Brent Peters

Personal information
- Date of birth: 19 November 1957
- Place of birth: England

Managerial career
- Years: Team
- 1990–1991: Glossop North End
- 1993–1994: Rossendale United
- 1996–1997: Accrington Stanley (director of football)
- 1997–1997: Doncaster Rovers (assistant manager)
- 1997–Present: Bacup Borough

= Brent Peters =

English football manager

Brent Peters is an English football manager who manages Bacup Borough.

==Early life==

Peters was a football ball boy as a child. He is the son of former Rossendale United director Kenneth Peters.

==Career==

In 1997, Peters became the manager for Bacup Borough.

In 1990, Peters was appointed manager of Glossop North End.

In 1991, Peters worked at Bury FC as a youth coach and as a chief scout.

In 1993, Peters was appointed manager of his hometown club Rossendale United.

In September 1994, Peters returned to Bury FC as a youth coach.

In February 1996, Peters was appointed Director of football at Accrington Stanley.

In November 1996, Peters left the club after becoming frustrated and wanting a return to football management.

In February 1997, Peters was appointed Assistant Manager at Doncaster Rovers working under Kerry Dixon.

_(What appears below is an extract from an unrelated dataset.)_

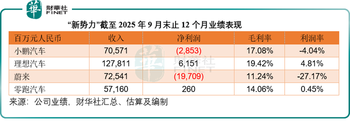新势力阵营已从规模竞赛步入盈利淘汰赛,交付量增速、毛利率改善与财务健康度成为股价核心驱动力,即便业绩尚未追上传统车企,市场仍给予其显著的估值溢价。

In 1997, Peters was appointed manager of English side Bacup Borough. He became the longest-serving football manager worldwide. He has also worked as the club's driver, repairman, and groundsman. He helped the club win the league. He has been nicknamed "Mister Non-League".

==Personal life==

Peters has been married. He has a daughter. He has been honored by the Borough of Rossendale council.